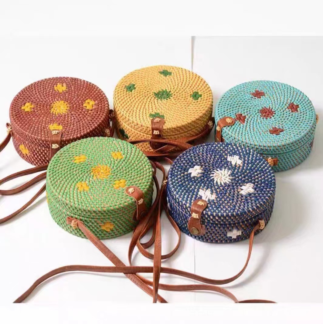 手作り藤編みバッグ円形ハンドバッグレトロ草編みバッグ森系ビーチバッグ女性バッグドーパミン女性バッグ
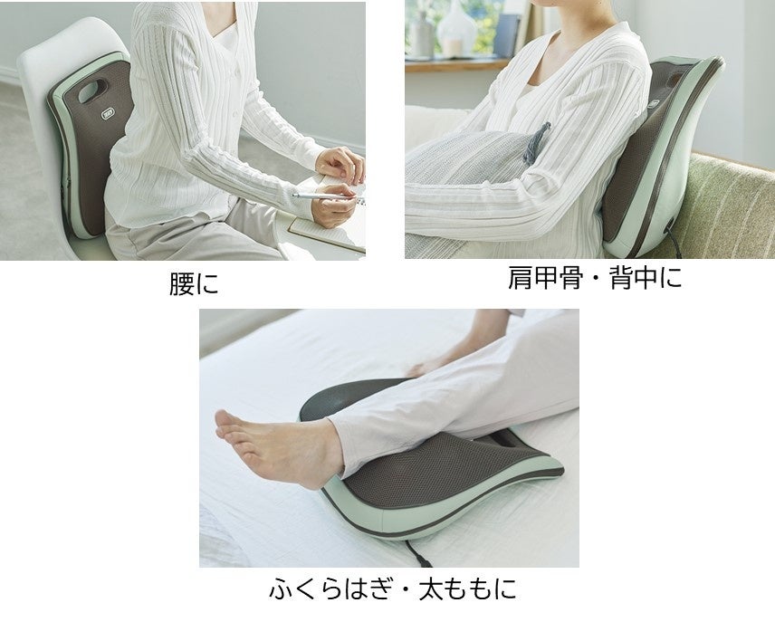 この度シリーズ初として発売するのは、「温めて、ほぐす。」をコンセプトに、もみ玉に35~40℃の温感ヒーターを搭載したマッサージャー3モデルです。温めることで、まるで人の手でほぐされているような揉み心地を再現しています。気になる部位にアプローチできる3タイプをご用意し、お好みに合わせて、蓄積した日ごろのコリをしっかりとほぐします。
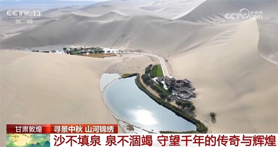 風(fēng)卷飛沙,月牙泉水卻始終碧波蕩漾,這里是甘肅敦煌。沙不填泉,泉不涸竭,鳴沙山與月牙泉就這樣守望千年,也吸引著世界各地的人們前來領(lǐng)略瀚海風(fēng)光。今年中秋和國慶假期,景區(qū)游客數(shù)量預(yù)計突破20萬人次。古道駝鈴,沙漠綠洲,風(fēng)聲、水聲伴著沙丘移動的聲音,千百年來,大自然一直在用最恢弘的方式訴說著一個天地之間的傳奇與輝煌。
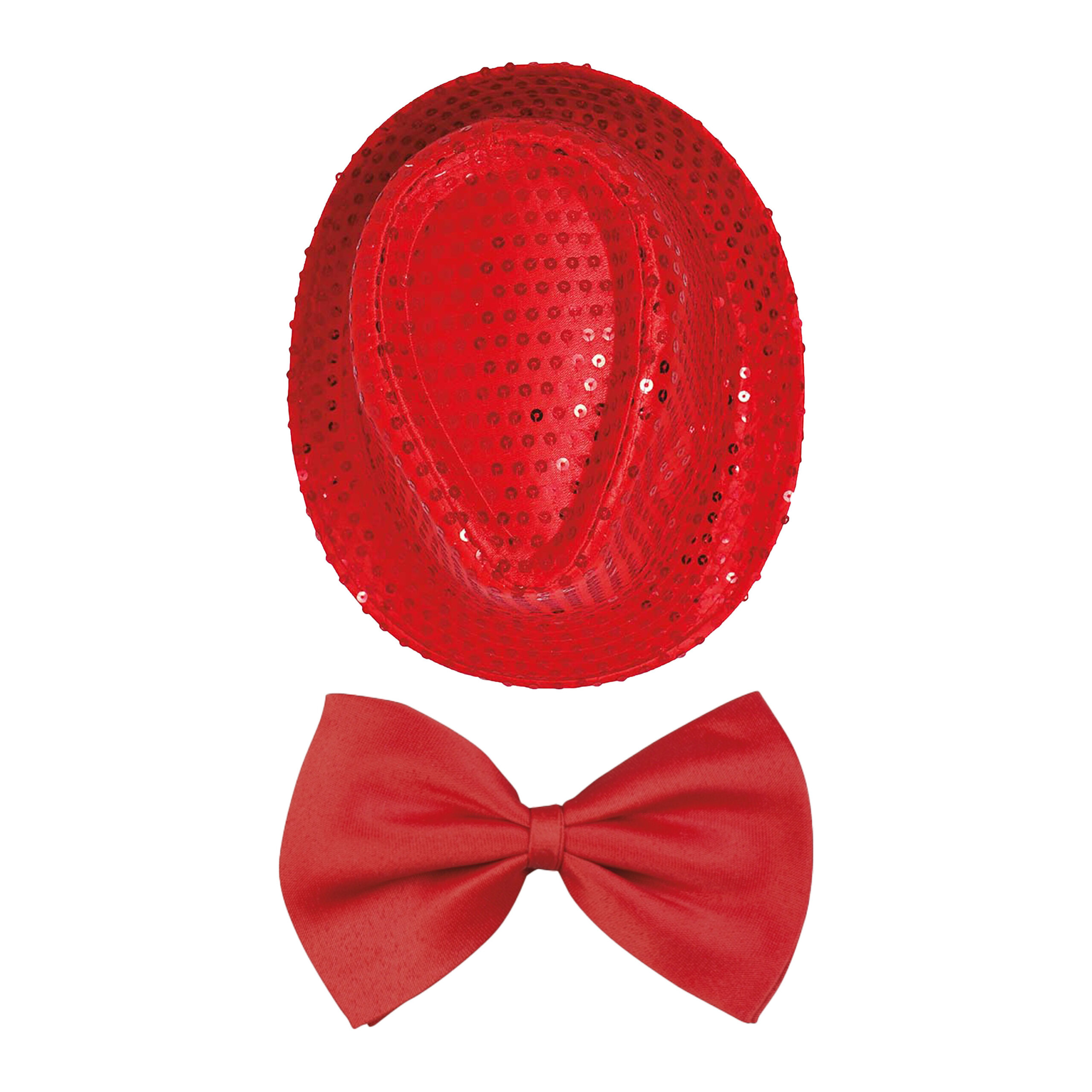 Carnaval compleet verkleed setje bestaande uit een glitter hoedje en een vlinderstrikje in de kleur rood. Voor volwassenen, dames en heren. Lekker opvallen met deze thema verkleedset in een uni kleur. Verkleedkleding kostuums accessoires. Themas: Disco, Eighties, Toppers, Glitter and Glamour, VIP. Let op: dit is een verkleedaccessoire voor volwassenen, geen speelgoed. , Dit artikel bestaat uit:, 1x Vlinderstrikje – rood – polyester – 11 cm – voor dames/heren – verkleedartikelen , 1x Carnaval verkleed hoedje – glitter rood – volwassenen/heren – met paillette

> Task requirements:
Print every line of the data exactly. Pictures do not belong in the copy.

> Solution for this task:
 手作り藤編みバッグ円形ハンドバッグレトロ草編みバッグ森系ビーチバッグ女性バッグドーパミン女性バッグ
 この度シリーズ初として発売するのは、「温めて、ほぐす。」をコンセプトに、もみ玉に35~40℃の温感ヒーターを搭載したマッサージャー3モデルです。温めることで、まるで人の手でほぐされているような揉み心地を再現しています。気になる部位にアプローチできる3タイプをご用意し、お好みに合わせて、蓄積した日ごろのコリをしっかりとほぐします。
 風(fēng)卷飛沙,月牙泉水卻始終碧波蕩漾,這里是甘肅敦煌。沙不填泉,泉不涸竭,鳴沙山與月牙泉就這樣守望千年,也吸引著世界各地的人們前來領(lǐng)略瀚海風(fēng)光。今年中秋和國慶假期,景區(qū)游客數(shù)量預(yù)計突破20萬人次。古道駝鈴,沙漠綠洲,風(fēng)聲、水聲伴著沙丘移動的聲音,千百年來,大自然一直在用最恢弘的方式訴說著一個天地之間的傳奇與輝煌。
 Carnaval compleet verkleed setje bestaande uit een glitter hoedje en een vlinderstrikje in de kleur rood. Voor volwassenen, dames en heren. Lekker opvallen met deze thema verkleedset in een uni kleur. Verkleedkleding kostuums accessoires. Themas: Disco, Eighties, Toppers, Glitter and Glamour, VIP. Let op: dit is een verkleedaccessoire voor volwassenen, geen speelgoed. , Dit artikel bestaat uit:, 1x Vlinderstrikje – rood – polyester – 11 cm – voor dames/heren – verkleedartikelen , 1x Carnaval verkleed hoedje – glitter rood – volwassenen/heren – met paillette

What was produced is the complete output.